Abruptly, large gaping jaws were snapping shut where my head had been just seconds prior. Some instinct to defend had triggered in my subconscious, allowing me to leap up into a tree before I was decapitated. I looked down, trying to see past the haze of my torment to find out what had attacked me so suddenly. An overly large grey wolf was glaring at me with such hate in its eyes I was briefly taken aback, the excruciating tide temporarily receding. I didn't know this thing, so what was with the attitude? Had I offended it somehow? "Umm, can I help you..?" I called down to it, not really expecting an answer. It leapt up in response, saliva and teeth barely missing my bare feet. "What the hell!" I shouted, indignant. While the bears I fed on did fight back they never looked at me with an emotion so acutely sentient. Suddenly, the bushes behind it shuddered and two more wolves burst through the undergrowth. One was far bigger than the grey one, completely black and somehow exuding masculinity. The other was brown, the shade similar to the trunk of the pine I was clutching, smaller than the black but still larger than the grey.

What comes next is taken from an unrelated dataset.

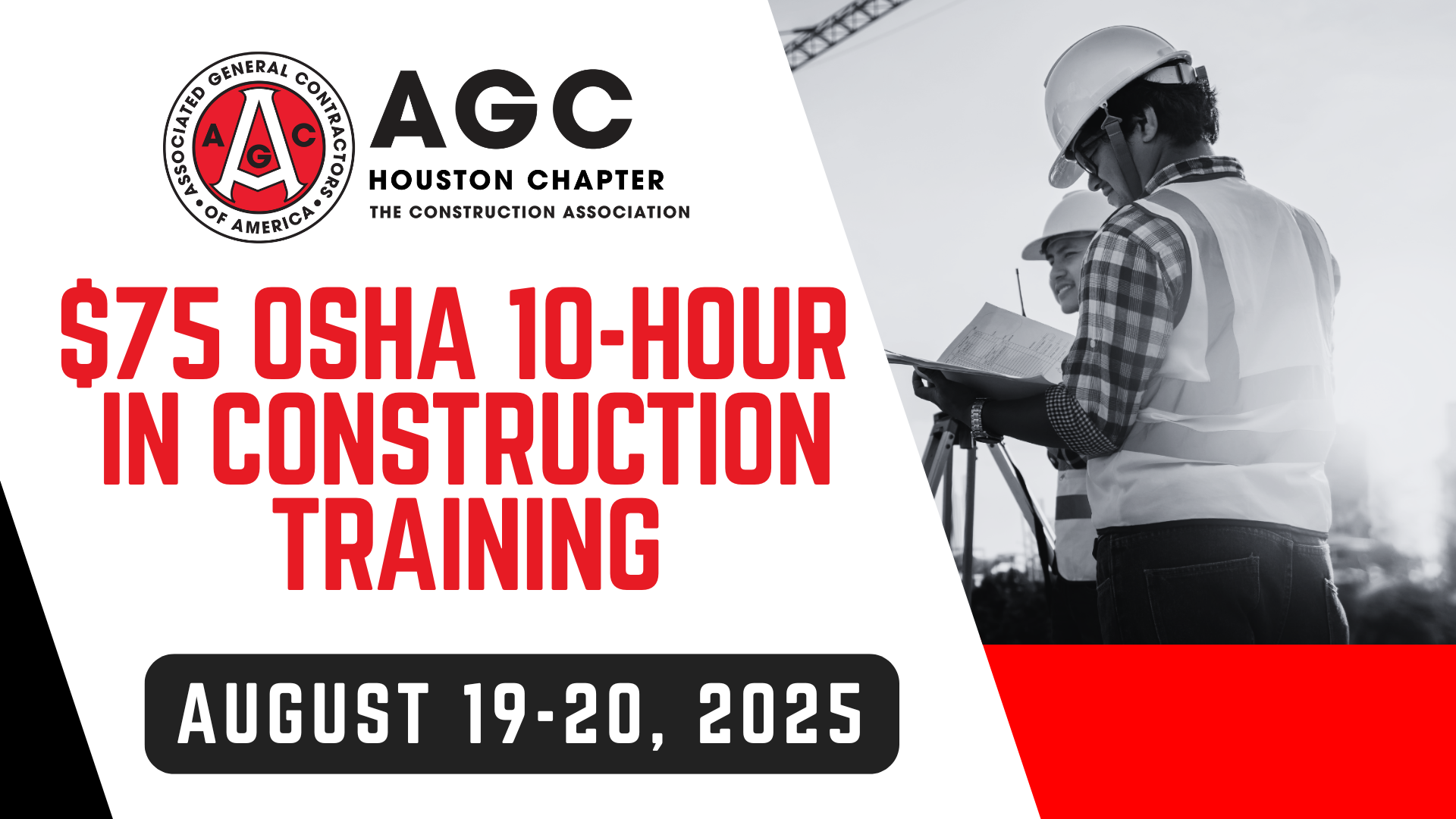 Time is running out to register for AGC Houston’s $75 OSHA 10-Hour in Construction Training flash sale! This two-day, in-person course is available for both members and non-members at the same price of $75. Presented by AGC Houston’s authorized instructors, it is designed to train employees in the basic essentials of occupational safety and health in construction.

I decided I was outnumbered, and rather attached to my head, so I took off to the north at a dead sprint. They followed me until I launched myself into the Juan de Fuca Strait, but I could still see them, hulking sentinels, as I bobbed just over the Canadian border. I swam farther south toward Sooke, and waited on Church Island for several hours. I had no home to return to, no family missing me, so the wait didn't bother me all that much. I took the time to contemplate the wolves I had seen, particularly their abnormal size and apparent sentience. It was as if they knew what I was and would not be content until I was eliminated. I waited for them to materialize on the far shore but they never did reappear. When I was as confident as was possible, I swam back to Washington and promptly lost myself in the craggy peaks of Mt. Rainier, awash again in senseless turmoil.


SUMMER, 2040

Ten years later, I was hurling through the forests outside of Forks. I bleakly registered that this was where I had been changed, and had likely subconsciously avoided it since. I didn't plan to stick around. I was just passing the newly-expanded high school campus when a spasm of pain shot through me, so tortuous I actually forgot to keep running. I careened into a wide spruce, which sent it shuddering into the neighboring cedar, felling them both. I noted this all as a sideline, for much of my attention was focused on the horrendous sensation radiating from where my heart rested in pieces. I gasped, ragged and uneven, and pressed my palms to my ears as if this would somehow mute the excruciating feeling.

I sat there, both fetal and feral in my agony, not even remotely close enough to sanity to count the seconds. The only thing that I was aware of was shoving my fist into my mouth so that I would utter no sound, no matter how badly I wanted to wail and scream and curse. I don't know how long I stayed there, curled up like a wounded animal - seconds, minutes, days, weeks, years. It could have been eons for all I knew was the rending pain wracking my body incessantly.

When I was finally able to regain the tiniest sliver of control, I wasted no time. I stood and immediately took off to the east. I did not return to Forks for another sixty-five years.